◆ **INPUT FOR THIS TASK**:

=== Section Start ===

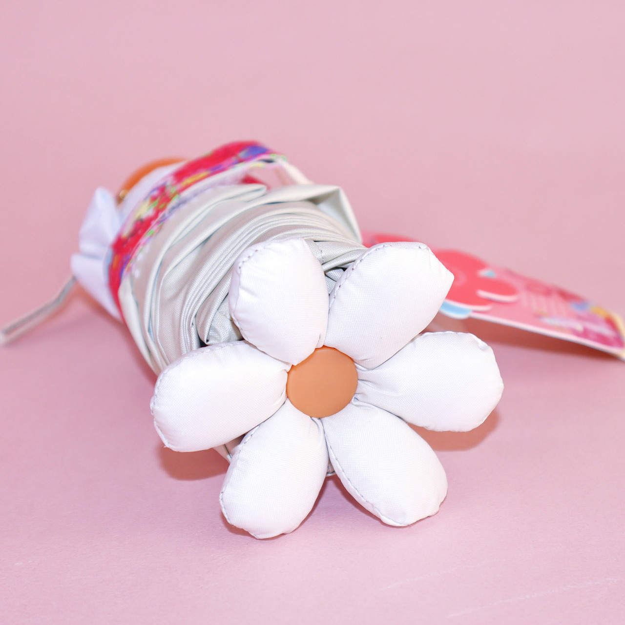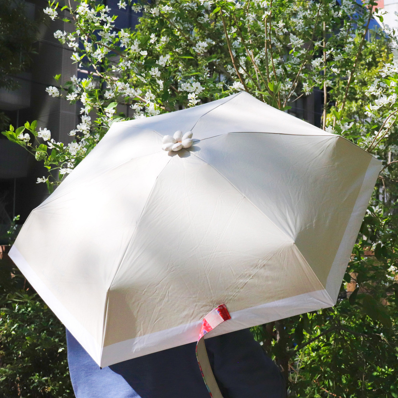 傘は、立体感のあるお花モチーフがアクセントになった、持つだけで気分が上がるデザインの折り畳み傘です。 シンプルな本体に映えるフラワーパーツが上品な可愛らしさを演出します。晴雨兼用タイプなので、突然の雨はもちろん、日差しが気になる日にも活躍。しっかりとした裏地付きで、遮光・遮熱にも配慮した安心のつくりです。 さらに、傘をまとめるストラップ部分にはグラフィックアーティストのホラグチカヨさん描きおろしのkarendo限定デザインを採用し、細部までこだわりをプラス。 数種類のポップでキュートなタグも付属しており、遊び心のあるディテールが魅力です。毎日のお出かけに、ちょっとしたときめきを添えてくれる一本です。
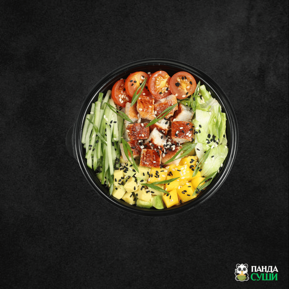 Рис, ореховый соус, угорь жаренный, айсберг, черри, огурец, авокадо, манго, лук перо, кунжут
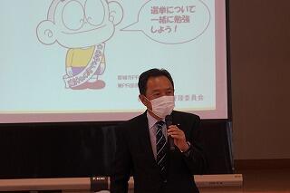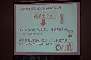 各種選挙における市の投票率の現状や、選挙は何のために必要なのか、選挙に行かないとどんなことになるのか等、クイズも交えながら分かりやすく教えていただきました。
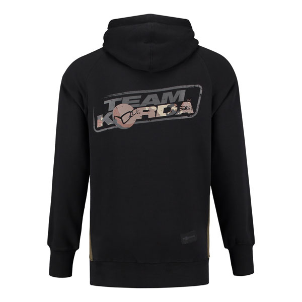 De Korda Kore TK Hoodie Black is een hoodie met een aansluitende pasvorm. De hoodie is gemaakt van 320 gsm fleece jersey materiaal en uitgevoerd met raglan schouders en stretchpanelen onder de armen. De capuchon heeft een overlappende pasvorm met verstelbare koorden. Aan de voorzijde bevindt zich een kangoeroezak met twee interne opbergvakken.
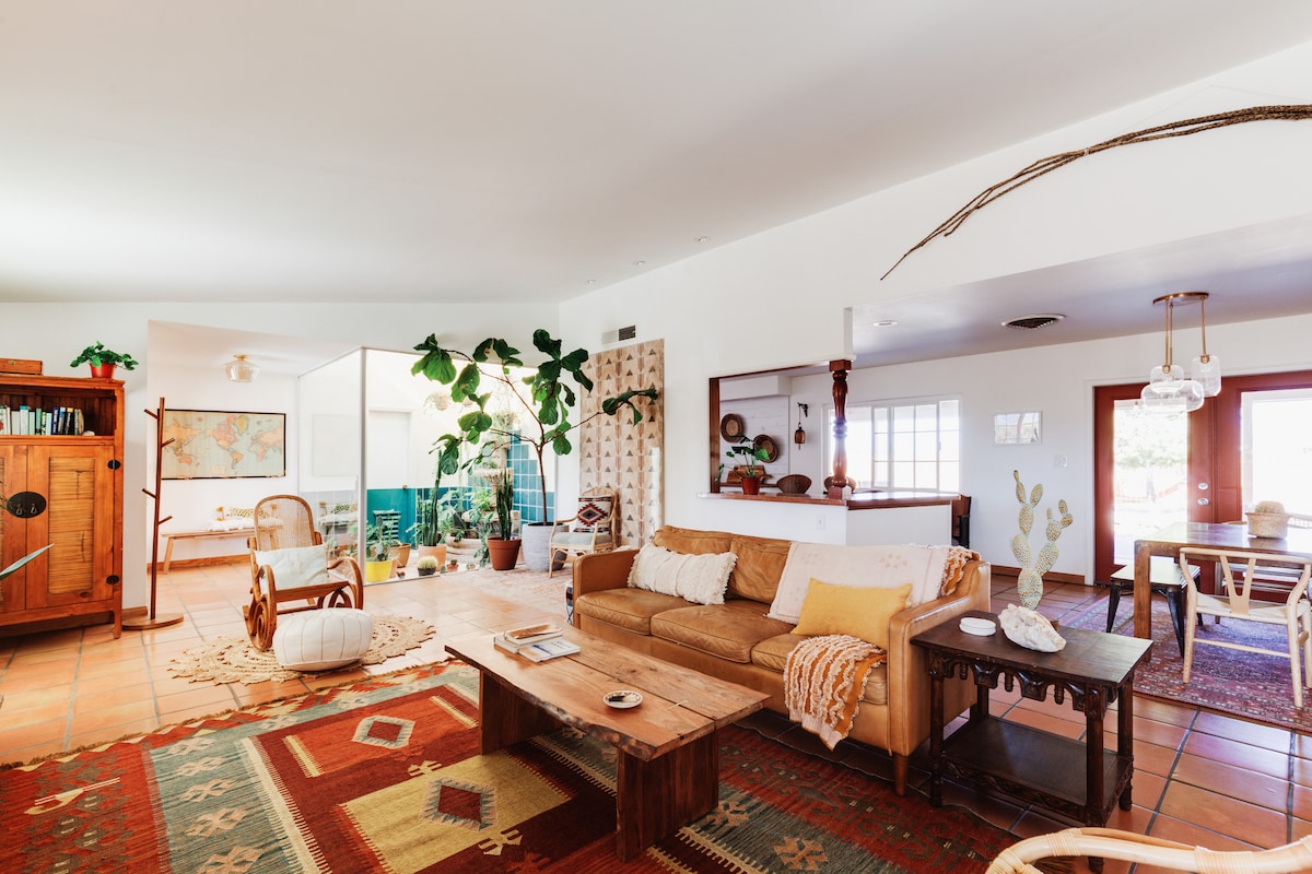 Suncatcher House ofrece vistas panorámicas al Parque Nacional y a un rancho de caballos distante. La casa cuenta con dos suites principales, una espaciosa tercera cama + baño y un cómodo sofá cama en la sala de estar. El diseño permite una gran privacidad entre los huéspedes. Relájate en el exterior en la bañera de vaquero o en las hamacas mientras admiras las vistas del parque al atardecer. Cuando cae la noche, acércate al fuego bajo las estrellas o sumérgete en la bañera con patas después de una larga caminata. Sensación de aislamiento a solo unos minutos de toda la mejor acción de la ciudad, como Tiny Pony, Frontier Cafe. ¡A los huéspedes les encanta nuestra ubicación y las vistas te dejan recargado y relajado! Suncatcher es un lugar para relajarse y divertirse bajo los alegres rayos del sol de Mojave. Experimenta un viaje íntimo para dos o disfruta con un grupo en las cuatro áreas para dormir separadas. Disfruta de las impresionantes vistas del desierto desde el patio trasero privado mientras chapoteas en la bañera de vaquero, te reúnes alrededor de la hoguera o te balanceas en una hamaca. Salimos y usamos la casa nosotros mismos a menudo, por lo que hemos equipado la casa con mucho amor y comodidades para cocinar. Tenemos una biblioteca de juegos y libros para que disfrutes durante tu estancia. Creemos que el desierto es el lugar perfecto para una desintoxicación digital ;) ¡Acceso a la casa y patio trasero privado con bañera de vaquero! Nuestro administrador de la propiedad está cerca y listo para ayudarte :) La casa se encuentra entre la entrada del Parque Nacional Joshua Tree y Pappy & Harriet's en la cercana Pioneertown, a 10 minutos en coche de cualquiera de los dos lugares. Hay un mercado al final de la calle, así como un estudio de yoga, cafeterías y adorables tiendas de antigüedades. La mejor manera de desplazarte es en coche. Tanto Uber como Lyft dan servicio a la casa, ya que está en una carretera pavimentada, por lo que si estás planeando ir de fiesta a The JT Saloon o Pappy's Ride Share, seguirá siendo una opción para volver a la casa. Tenemos cámaras de seguridad en las entradas de la casa. Puedes tener reuniones familiares y de amigos en el espacio, pero trátalo con cuidado: es un lugar especial para nosotros que usamos a menudo y no es solo un hotel para nosotros.
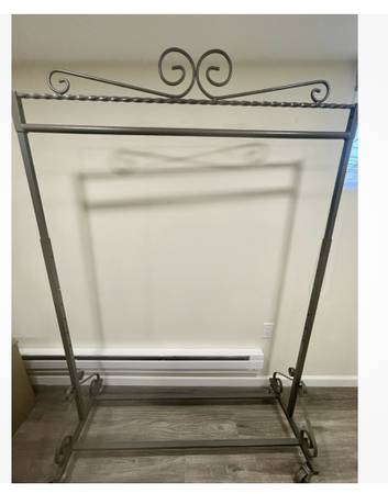 Silver / grey adjustable clothes rack with wheels ! Please note : dimensions are for current pictures only. Height is adjustable/// Pick -up ONLY
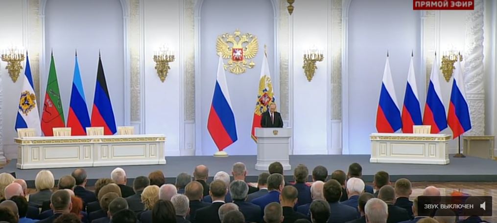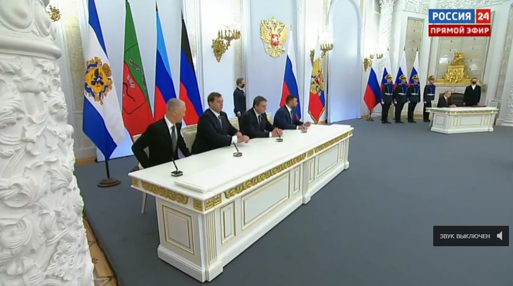 بوتين يعلن رسميًا البدء بتوقيع ضمّ أراضي أوكرانية إلى روسيا، ويأمر الجميع بوقف دقيقة صمت كحداء لجميع الأبطال الذين ضحّوا "لاستعادة هذه الأراضي"
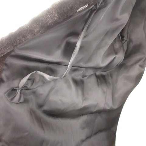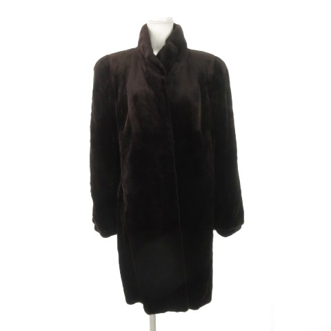 ノーブランド ファーコート シェアードミンク 毛皮 ロング スタンドカラー F 茶 ダークブラウン /AH19 ■GY18 レディース

=== Section End ===

◆ **PROMPT**: Output exactly those lines of the data above that run from the line with "Рис, ореховый соус, угорь" up to and including the line with "De Korda Kore". No pictures go in.

◆ **EXERCISE RESULT**:
 Рис, ореховый соус, угорь жаренный, айсберг, черри, огурец, авокадо, манго, лук перо, кунжут
 各種選挙における市の投票率の現状や、選挙は何のために必要なのか、選挙に行かないとどんなことになるのか等、クイズも交えながら分かりやすく教えていただきました。
 De Korda Kore TK Hoodie Black is een hoodie met een aansluitende pasvorm. De hoodie is gemaakt van 320 gsm fleece jersey materiaal en uitgevoerd met raglan schouders en stretchpanelen onder de armen. De capuchon heeft een overlappende pasvorm met verstelbare koorden. Aan de voorzijde bevindt zich een kangoeroezak met twee interne opbergvakken.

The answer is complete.